Retomando el gesto del inicio, cuando los tramperos se incorporan después de haber sufrido a ras de suelo el saqueo de los indios, al final Jed sube a un árbol para asistir a su compañero Gus ante una nueva emboscada.

Antes, Jed se ha despedido de su otro compañero, Mungo, junto a un árbol con una rama que apunta a la tierra: casi parecen personajes de una estampa bíblica.

El lirismo de esta escena resulta inesperado, debido a su ausencia en las dedicadas a la relación de Jed con la esposa de Marston, Anne Bancroft (aquí teñida de rubio, como para hacerle perder carácter).
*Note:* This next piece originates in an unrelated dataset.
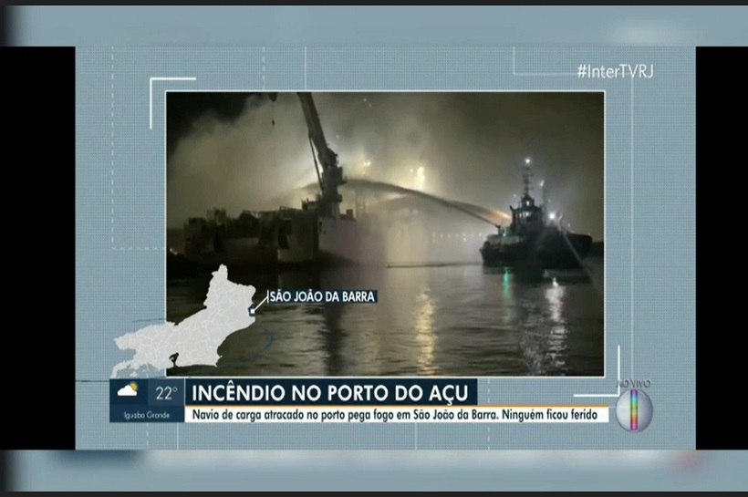 Incêndio em navio no Porto do Açú em São João da Barra-RJ. Assista ao vídeo
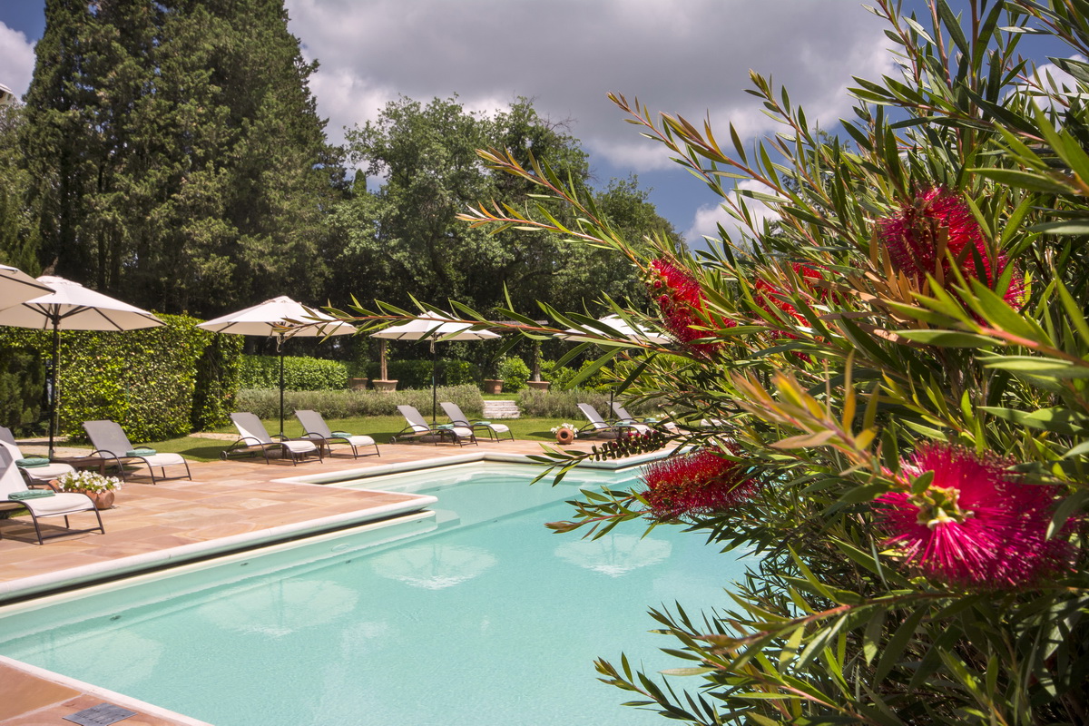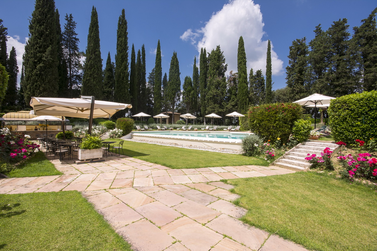 The hotel is surrounded by beautiful grounds measuring around 2.5 hectares, bounded by an old perimeter wall. The garden was designed by an acclaimed landscaper who was a student of Porcinai, one of Italy’s premier landscapers during the 1900s.

Ella, al entrar en contacto con Jed, empieza a vislumbrar algo oscuro en el alma de su marido. Una sospecha similar experimenta el capitán al mando del fuerte, interpretado por Guy Madison; pero el orden militar (que funciona aquí como representación esquemática del social) no permite cuestionar el poder establecido.

Lejos de toda edad de oro, The Last Frontier es una película dura, que no se permite visiones sentimentales. Sin embargo el lirismo vuelve, al final, con la llegada de las primeras nieves: una especie de maná liberador, con la que la naturaleza acude en socorro de los moradores de Fort Shallam.